Yes. We have a couple of more questions asked on the interactive portion. The first one is regarding Byetta and Makena, can you please elaborate on the structure of the royalty payment, specifically what sales levels award the single-digit levels versus the double-digit levels?

So, on – obviously, Makena and Forteo and Byetta are totally different deals and that not only are they with different companies, but they also one, two of the products with Teva are generic products and then with Makena, it’s a branded product with basically where we are focusing on lifecycle extension here. So with Makena, all we really said is that it’s starts out at high single-digit royalties and goes to low double-digit and that’s basically from dollar one of our auto-injector sales of Makena if it gets approved. And then as far as reaching the second piece of that tier, we don’t disclose what that amount is.

They are achievable.

But they are achievable. Yes, absolutely. And then with Teva, they start out at high single-digit and go to mid-teens. And the way their royalties are structured is based on market share that they achieved versus the RLD or other people in the space if there is any other competitors within for that product. And what I can say is that obviously the high single-digit, it starts at dollar one and the – to get to the mid-teens, we believe they are very achievable based on the normal generic substitution rate that you see when a product is launched and particularly given the fact that if we get the first to file status for these products, the amount of market share that a first to file gets is typically very high. And so we feel very confident that we can achieve those royalty levels for those products.
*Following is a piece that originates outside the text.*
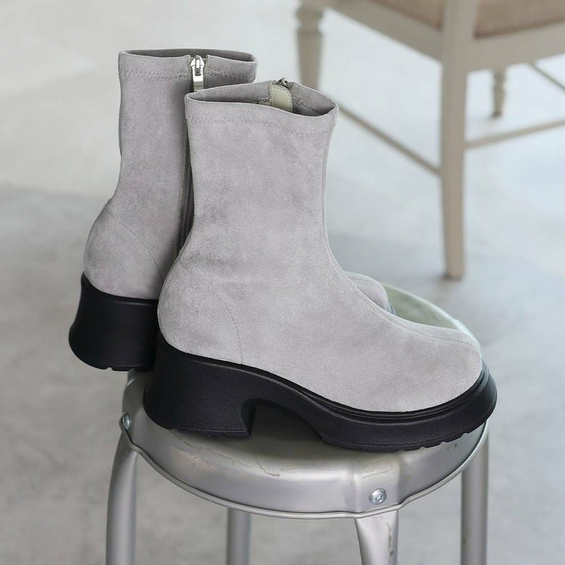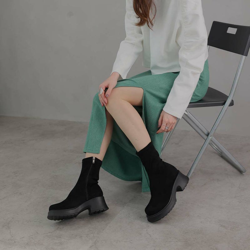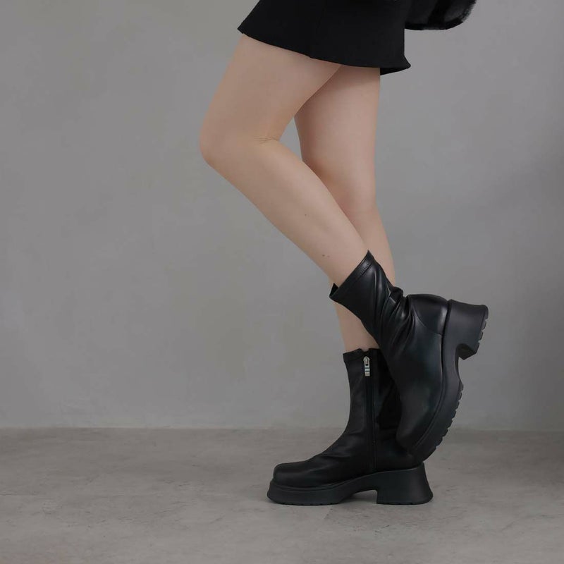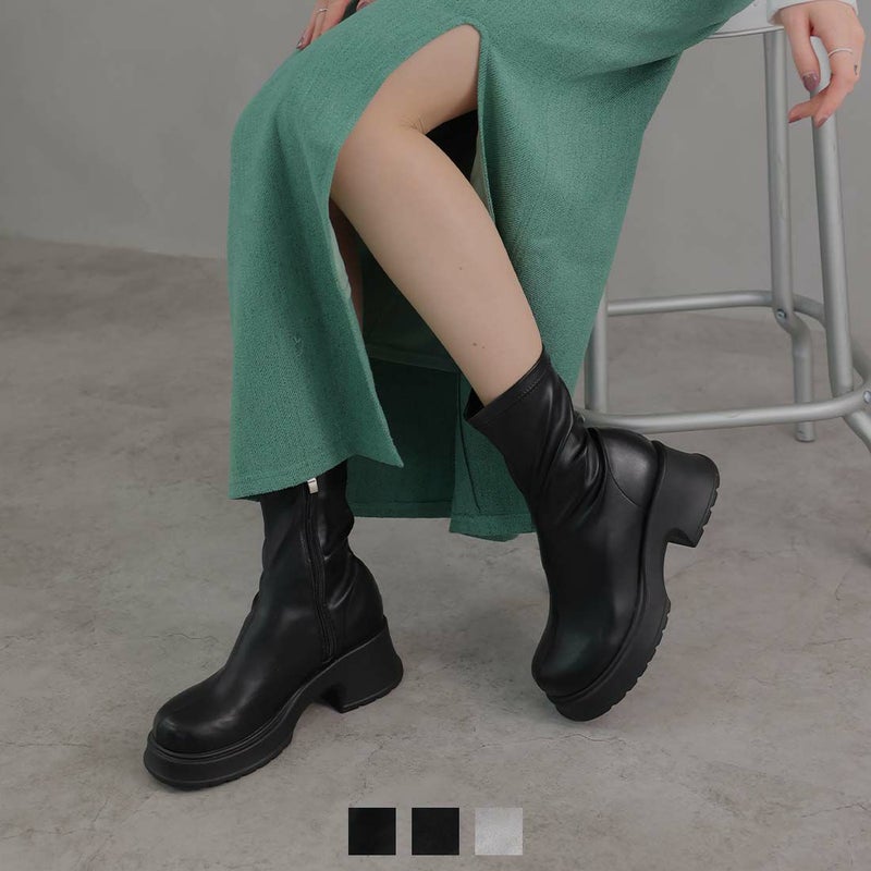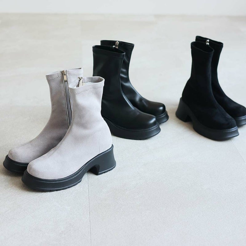 ・コロンとした丸みのあるトゥで個性が際立つ厚底ストレッチブーツ!

Okay. And we have one final question. Regarding Sumatriptan, will launch milestone payment come from Teva and if so, what amount?

So again, we do get a launch milestone payment from Teva. We have not disclosed it. It is not a material payment. It is more to help basically cover a lot of the costs that were incurred in getting ready for the launch. And so the real value for us is on the end product into the market, getting the royalty on those sales, but we will see payments and that will be recognized over some period of time. I am sure they pay it on accounting rules.

Thank you, Bob. Thanks again for joining us on today’s conference call. If you have any follow-up questions, you can reach me at 609-359-3016. That completes today’s call.

And once again that does conclude today’s conference. We thank you for your participation.